Instructions for the task => Of the entries below, return exactly those lines that fall between the one containing "Άγιος Νικόλαος ο παντοπώλης" and the one containing "Km 765+00 Leste - Roçada", the two end lines included.

Dataset extract =>
%%

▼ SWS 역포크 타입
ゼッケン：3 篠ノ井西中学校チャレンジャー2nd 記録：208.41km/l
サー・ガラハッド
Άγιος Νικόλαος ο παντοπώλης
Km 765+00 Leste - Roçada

%%
%%

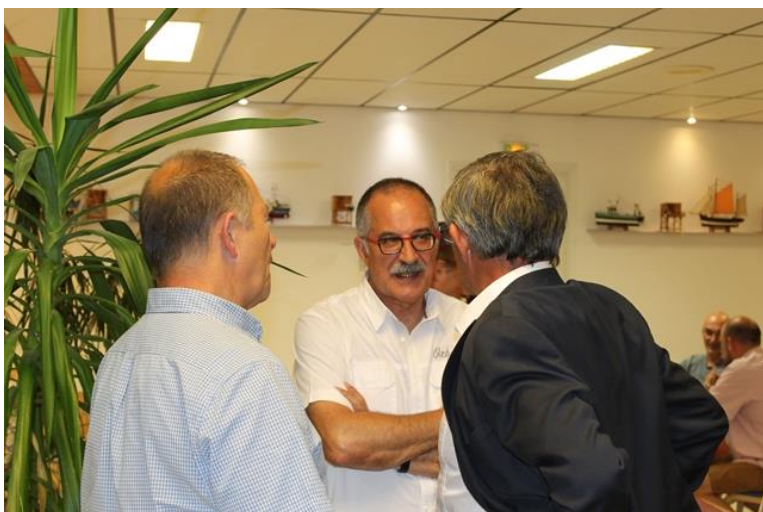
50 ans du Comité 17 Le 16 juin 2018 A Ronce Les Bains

%%
%%

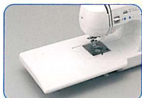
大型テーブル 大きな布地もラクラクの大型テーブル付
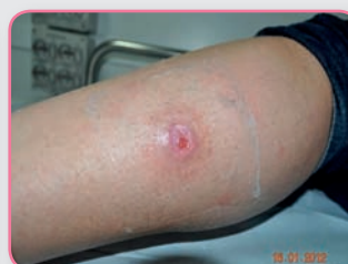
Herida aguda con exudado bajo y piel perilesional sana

%%

Task output =>
Άγιος Νικόλαος ο παντοπώλης
Km 765+00 Leste - Roçada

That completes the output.